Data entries
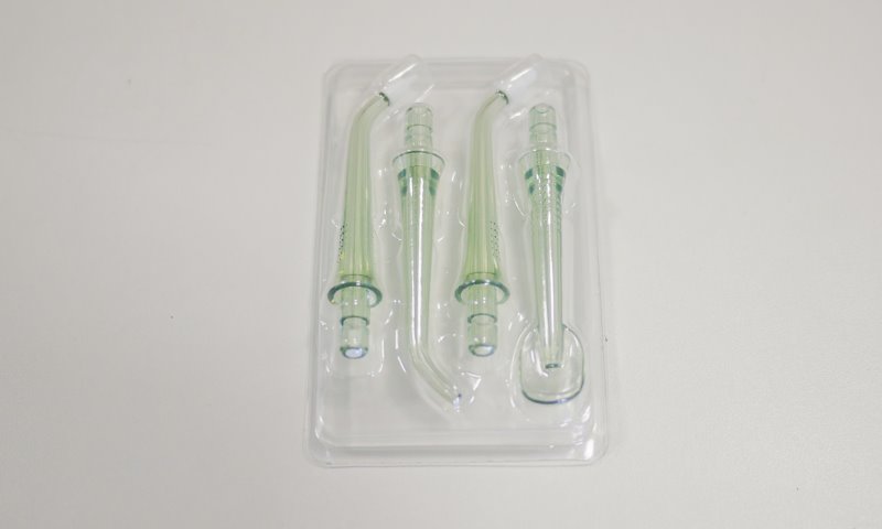 O conjunto vem com 4 ponteiras diferentes. Uma básica para limpar entre os dentes, uma periodontal para limpeza mais sensível da gengiva, outra com escova para aqueles que usam aparelho fixo e uma bem diferente, para irrigar a língua. Por sinal esse para irrigar a língua surpreendeu. Criou um atrito interessante, e no jato forte até deixou um leve desconforto depois de usar.
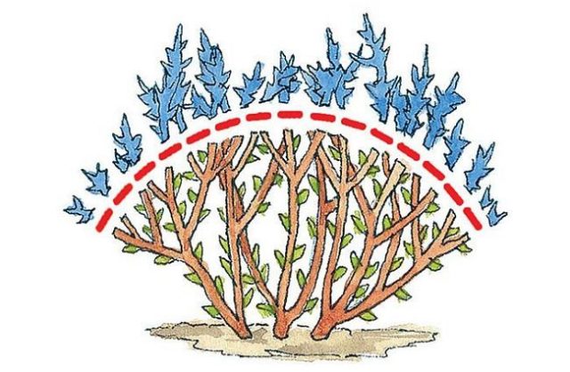 Sie können Sträucher sowohl im Frühjahr als auch im Herbst beschneiden. Nach dem Beschneiden wird die Bepflanzung mit einer Mistlösung im Verhältnis 1: 6 reichlich gedüngt. Gießen Sie die Mischung direkt unter die Wurzeln. Danach können Sie sie mit einer Superphosphatlösung düngen. Die optimale Dosierung beträgt ca. 8 g pro 10 Liter Wasser.
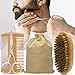 BEARD BRUSH & BEARD COMB - The dual sided comb is made of high quality sandal wood offering the best rapid grooming experience with both its fine and coarse teeth for different hair types.The boar bristle beard brush is Pocket-size, you can pull through oils,balms,softener,serum and any stuff or groom your facial hair in anytime, anywhere.
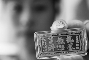 | 业内人士提醒消费者,即使处在黄金牛市,投资者也要保持谨慎,理性投资,切勿盲目跟风。 图为在山东临沂市一家金店,工作人员展示一款金条。 新华社发 |
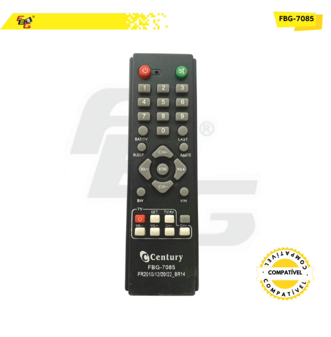 Controle Remoto compatível com Receptor Century - Modelo FBG-7085
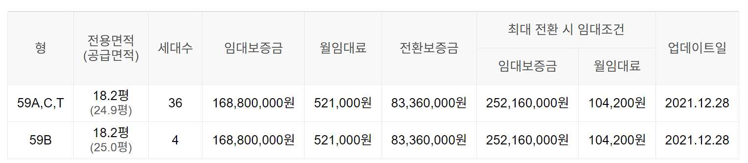 임대보증금 및 월 임대료는 입주자 모집공고일 기준이며, 보증금 최대 전환 시 변동될 수 있습니다.

PROBLEM TO SOLVE:
Your answer must be a verbatim copy of the entries above, with no images included.

RESPONSE BELOW:
 O conjunto vem com 4 ponteiras diferentes. Uma básica para limpar entre os dentes, uma periodontal para limpeza mais sensível da gengiva, outra com escova para aqueles que usam aparelho fixo e uma bem diferente, para irrigar a língua. Por sinal esse para irrigar a língua surpreendeu. Criou um atrito interessante, e no jato forte até deixou um leve desconforto depois de usar.
 Sie können Sträucher sowohl im Frühjahr als auch im Herbst beschneiden. Nach dem Beschneiden wird die Bepflanzung mit einer Mistlösung im Verhältnis 1: 6 reichlich gedüngt. Gießen Sie die Mischung direkt unter die Wurzeln. Danach können Sie sie mit einer Superphosphatlösung düngen. Die optimale Dosierung beträgt ca. 8 g pro 10 Liter Wasser.
 BEARD BRUSH & BEARD COMB - The dual sided comb is made of high quality sandal wood offering the best rapid grooming experience with both its fine and coarse teeth for different hair types.The boar bristle beard brush is Pocket-size, you can pull through oils,balms,softener,serum and any stuff or groom your facial hair in anytime, anywhere.
 | 业内人士提醒消费者,即使处在黄金牛市,投资者也要保持谨慎,理性投资,切勿盲目跟风。 图为在山东临沂市一家金店,工作人员展示一款金条。 新华社发 |
 Controle Remoto compatível com Receptor Century - Modelo FBG-7085
 임대보증금 및 월 임대료는 입주자 모집공고일 기준이며, 보증금 최대 전환 시 변동될 수 있습니다.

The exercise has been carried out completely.